Another independent social agency that was founded eight years ago, Coolr sees social as the third pillar of marketing: media, creative and social. It uses social to transform brands — positioning. It has offices in the UK and US, and has six divisions/key areas:‍

  • Strategy

  • Creative

  • Content creation

  • Channel management

  • Distribution

  • Analytics

‍ ‍Coolr is the fourth fastest growing agency internationally, according to AdWeek.

‍ ‍Omnicom Advertising‍ ‍

It wasn’t only the independents which were able to position themselves. We met with a few agencies from Omnicom Advertising Group [now Omnicom Advertising — ed-at-large] and which have continued in the new structure because they’re distinctive and differentiated:‍ ‍

  • AMV/BBDO — “We craft big ideas that people love”

  • Native/AMV — creator-led social

  • AMV/Works — B2B specialism

  • Lucky Generals — “A creative company for people on a mission”

VCCP

‍ ‍This is always a highlight of the AdForum Summits because it’s consistently brilliant and has such clear positioning.
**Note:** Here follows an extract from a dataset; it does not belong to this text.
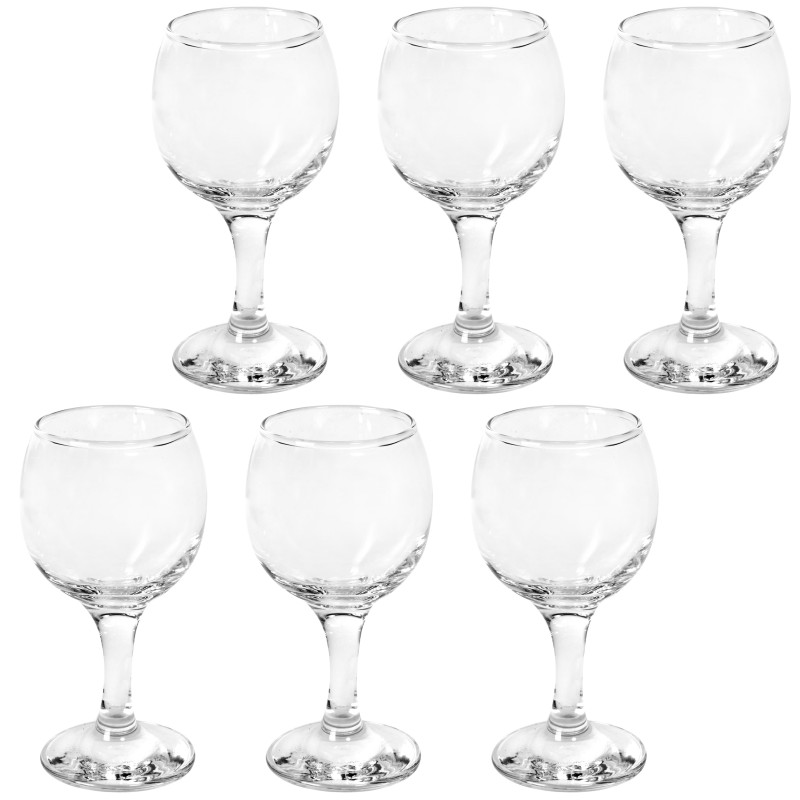 Сервиз от 6 броя чаши за вино със столче, изработени от качествено и устойчиво прозрачно стъкло.

The agency has been in business for 23 years and its founder reminded us of how and why the agency was started — as a challenger agency for challenger brands. Although we see many agencies claiming to be challengers, I’ve not seen any agency in particular making this claim be distinctive or stand out.

‍ ‍We had a three-hour session with VCCP and so were really able to see more of it and understand it more in depth. It believes that we’re “living in an era of illusion”. This started in 2005 with Facebook but now there’s an acceleration of artificiality and an avalanche of fake. Fake news, fake reviews.

‍ ‍The result has been a massive collapse in institutions eg governments, media and brands.

‍ ‍So, what can brands do about it? Double down on real. What is VCCP doing? Three things:‍ ‍

  • Sport — creating shared experiences in sport, real shared emotions

  • Entertainment — shared excitement, real exclusivity, real exposure, real culture

  • Outdoor — VCCP identifies the new “fragility of digital” and that, as a result, brands are disappearing. Strong brands need a physical presence and there are now new frontiers in outdoor. Brands can create real moments in a real world.

‍ ‍IPG Media Brands (now Omnicom)

It talked about media’s third revolution.

‍ ‍Shifting dynamics: 50% of media spend is going through media platforms. Its well-known tool Axiom is all about the enrichment of data, and what it does is add real consumer data into media-buying costs and creates margin, as well as helping to target the consumer more accurately. As a result, Media Brands sees the cost of FTEs coming down, while the cost of media will increase but through real enrichment.

  1. Integration at last: 25% of major pitches are now fully integrated — media and creative. This is already causing media and creative agencies to move together in a more connected way, whether through the holding company (holdco) or connected network.

  2. AI and the renaissance of brand: Brands are starting to move away from what the platforms (Google, Meta etc) are telling them and are relying more on their media agencies to advise them on best practice.

Artificial intelligence & standing out

AI is normative by nature and it can compound things — including the wrong things. It’s not a race to the bottom but a race to the mean ie average/aggregate. Here’s a quote from Mark Ritson: “AI will make us all masters of efficiency but slaves to mediocrity. The more we automate, the harder it will be to stand out.”

The answer to this is the brand itself, as the brand is the difference and the differentiator. AI learns best from differentiators and more variety in data and prompts. Technology is no longer the differentiator; technology has democratised many attributes. Thus:

‍ ‍Diversity of people + depth of data = differentiating brands

“AI no longer simply reads about your brand. It learns from it.” —Travis Schreiber, Fast Company

Conclusion

If one of the key challenges that marketers are facing is ensuring that their brands are differentiated, agencies and marketers alike will continue to look for solutions that will ensure distinction, differentiation and, ultimately, success.